Haspels is married to Bernie Grootenboer and has four children: Lora, Sabine, Quinten and Alec.

== Career ==
Haspels joined the Ministry of Foreign Affairs in 1987, after completing the diplomatic service training program he worked as a Policy officer, at the Political and Economic Affairs Section at the embassy in Colombo, Sri Lanka from 1988 until 1990. From 1990 until 1992 he served as the Press secretary to Minister for European Affairs Piet Dankert, Ministry of Foreign Affairs, The Hague. From 1992 until 1994 he served as the Seconded National Expert (SNE) at the European Commission in Brussels, DG 23 (business policy/SMEs), following by a Secondment to the office of the Committee on International Policy/European Affairs at the House of Representatives from 1994 until 1996.
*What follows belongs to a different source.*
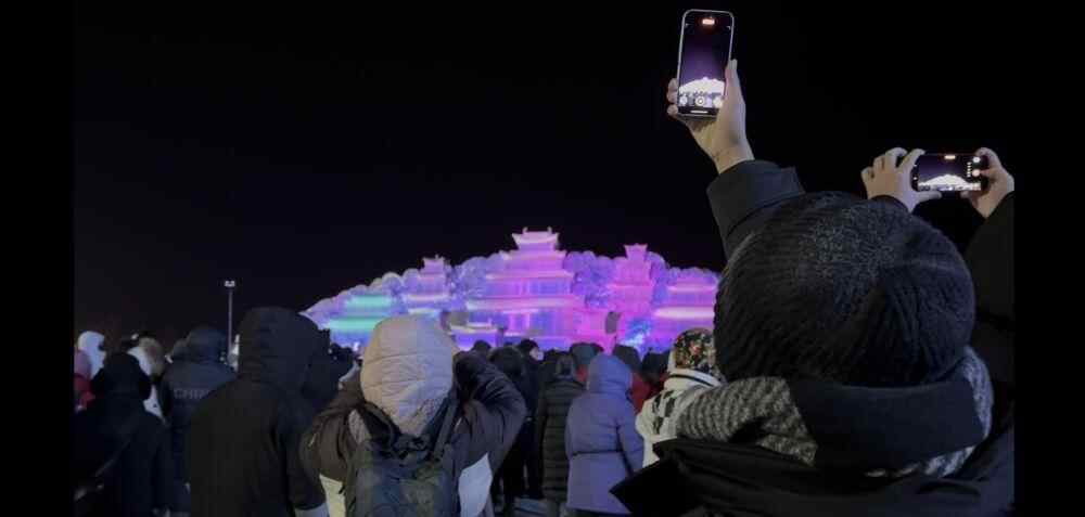 夜幕降临,长白山麓的夜色被灯火与欢呼声点亮。来自辽宁的“95后”游客李然举着相机连拍,镜头里既有雪雕光影的璀璨,也有她与“青铜门”的创意合影。

From 1997 until 2005 he served as the Head of the Political Department of the Dutch Embassy in South Africa (Pretoria) where he was involved in cooperation between the two countries, including in setting up the South African Truth Commission. From 2000 until 2005 he was the Head of the External Affairs Division of the European Integration Department (DIE), at the Ministry of Foreign Affairs.

From 2005 until 2008 Haspels served as the Dutch Ambassador to Vietnam.

From 2008 until 2009 he was the Director of the Sub‑Saharan Africa Department.

From 2009 until 2011 he was the Deputy Director-General for International Cooperation (Plv-DGIS).

In 2011 Haspels returned to South Africa, this time as the Dutch Ambassador to South Africa until 2014.

From 2014 until 2016 he was the Deputy Director-General for Political Affairs (Plv-DGPZ)

From 2016 until the summer of 2019 he was Director-General for Political Affairs, policy adviser to the Minister of Foreign Affairs in The Hague.

From September 16, 2019 until 2023, Haspels served as the Dutch Ambassador to the United States.

Since September 11, 2023, Haspels serves as the Dutch Ambassador to China.